▼▼▼

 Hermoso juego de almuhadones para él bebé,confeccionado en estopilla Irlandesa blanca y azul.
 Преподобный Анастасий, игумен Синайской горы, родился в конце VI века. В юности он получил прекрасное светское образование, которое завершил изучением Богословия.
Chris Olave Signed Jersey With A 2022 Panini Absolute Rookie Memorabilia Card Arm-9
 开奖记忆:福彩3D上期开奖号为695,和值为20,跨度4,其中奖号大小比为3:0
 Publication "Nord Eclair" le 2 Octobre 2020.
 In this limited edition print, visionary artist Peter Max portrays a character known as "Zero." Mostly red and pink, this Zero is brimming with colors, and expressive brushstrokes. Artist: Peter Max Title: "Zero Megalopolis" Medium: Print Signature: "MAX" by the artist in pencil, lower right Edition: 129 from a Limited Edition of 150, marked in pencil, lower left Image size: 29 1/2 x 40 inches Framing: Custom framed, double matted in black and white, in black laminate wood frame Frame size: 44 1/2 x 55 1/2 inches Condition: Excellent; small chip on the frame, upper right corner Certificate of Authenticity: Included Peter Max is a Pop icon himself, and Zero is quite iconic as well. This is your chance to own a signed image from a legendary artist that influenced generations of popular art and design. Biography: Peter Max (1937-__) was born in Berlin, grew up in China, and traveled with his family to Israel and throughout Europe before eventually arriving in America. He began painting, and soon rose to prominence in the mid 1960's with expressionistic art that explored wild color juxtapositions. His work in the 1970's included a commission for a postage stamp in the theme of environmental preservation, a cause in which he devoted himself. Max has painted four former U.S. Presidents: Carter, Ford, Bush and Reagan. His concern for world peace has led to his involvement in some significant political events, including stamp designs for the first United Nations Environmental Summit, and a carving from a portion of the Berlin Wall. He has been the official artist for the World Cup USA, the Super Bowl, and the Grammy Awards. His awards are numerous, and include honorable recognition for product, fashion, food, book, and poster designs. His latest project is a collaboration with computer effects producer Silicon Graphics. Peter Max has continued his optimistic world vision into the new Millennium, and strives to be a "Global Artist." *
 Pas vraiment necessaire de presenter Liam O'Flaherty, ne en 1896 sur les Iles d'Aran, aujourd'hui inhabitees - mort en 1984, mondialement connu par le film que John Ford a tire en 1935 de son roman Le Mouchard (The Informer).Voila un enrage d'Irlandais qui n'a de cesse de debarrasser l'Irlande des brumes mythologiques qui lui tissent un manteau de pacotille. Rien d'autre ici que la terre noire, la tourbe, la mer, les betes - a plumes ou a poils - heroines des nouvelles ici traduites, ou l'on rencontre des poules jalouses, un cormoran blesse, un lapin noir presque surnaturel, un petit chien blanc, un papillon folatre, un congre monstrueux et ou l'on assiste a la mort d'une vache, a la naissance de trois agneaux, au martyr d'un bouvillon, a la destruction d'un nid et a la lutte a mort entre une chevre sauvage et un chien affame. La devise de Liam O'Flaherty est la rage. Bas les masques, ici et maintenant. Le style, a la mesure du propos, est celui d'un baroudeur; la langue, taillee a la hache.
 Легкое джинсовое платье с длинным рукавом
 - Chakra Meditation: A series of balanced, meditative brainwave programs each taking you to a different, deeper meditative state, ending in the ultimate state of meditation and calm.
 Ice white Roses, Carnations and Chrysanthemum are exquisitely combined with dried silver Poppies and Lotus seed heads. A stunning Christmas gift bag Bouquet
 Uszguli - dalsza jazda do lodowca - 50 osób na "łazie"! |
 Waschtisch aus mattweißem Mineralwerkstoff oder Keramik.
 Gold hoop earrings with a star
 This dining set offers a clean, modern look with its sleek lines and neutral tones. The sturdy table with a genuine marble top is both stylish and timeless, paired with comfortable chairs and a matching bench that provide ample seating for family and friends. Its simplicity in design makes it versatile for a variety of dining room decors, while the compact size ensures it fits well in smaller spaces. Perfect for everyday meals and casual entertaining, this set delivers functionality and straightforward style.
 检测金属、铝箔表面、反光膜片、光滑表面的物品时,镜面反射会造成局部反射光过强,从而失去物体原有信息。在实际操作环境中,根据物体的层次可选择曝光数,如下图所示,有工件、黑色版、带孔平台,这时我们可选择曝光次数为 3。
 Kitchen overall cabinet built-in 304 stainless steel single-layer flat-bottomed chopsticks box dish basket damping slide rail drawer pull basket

▲▲▲

* [WHAT IS NEEDED]: Exact retyping is required: the line with "- Chakra Meditation: A" through the end of the data, both ends included, and no other line.

* [TASK SOLUTION]:
 - Chakra Meditation: A series of balanced, meditative brainwave programs each taking you to a different, deeper meditative state, ending in the ultimate state of meditation and calm.
 Ice white Roses, Carnations and Chrysanthemum are exquisitely combined with dried silver Poppies and Lotus seed heads. A stunning Christmas gift bag Bouquet
 Uszguli - dalsza jazda do lodowca - 50 osób na "łazie"! |
 Waschtisch aus mattweißem Mineralwerkstoff oder Keramik.
 Gold hoop earrings with a star
 This dining set offers a clean, modern look with its sleek lines and neutral tones. The sturdy table with a genuine marble top is both stylish and timeless, paired with comfortable chairs and a matching bench that provide ample seating for family and friends. Its simplicity in design makes it versatile for a variety of dining room decors, while the compact size ensures it fits well in smaller spaces. Perfect for everyday meals and casual entertaining, this set delivers functionality and straightforward style.
 检测金属、铝箔表面、反光膜片、光滑表面的物品时,镜面反射会造成局部反射光过强,从而失去物体原有信息。在实际操作环境中,根据物体的层次可选择曝光数,如下图所示,有工件、黑色版、带孔平台,这时我们可选择曝光次数为 3。
 Kitchen overall cabinet built-in 304 stainless steel single-layer flat-bottomed chopsticks box dish basket damping slide rail drawer pull basket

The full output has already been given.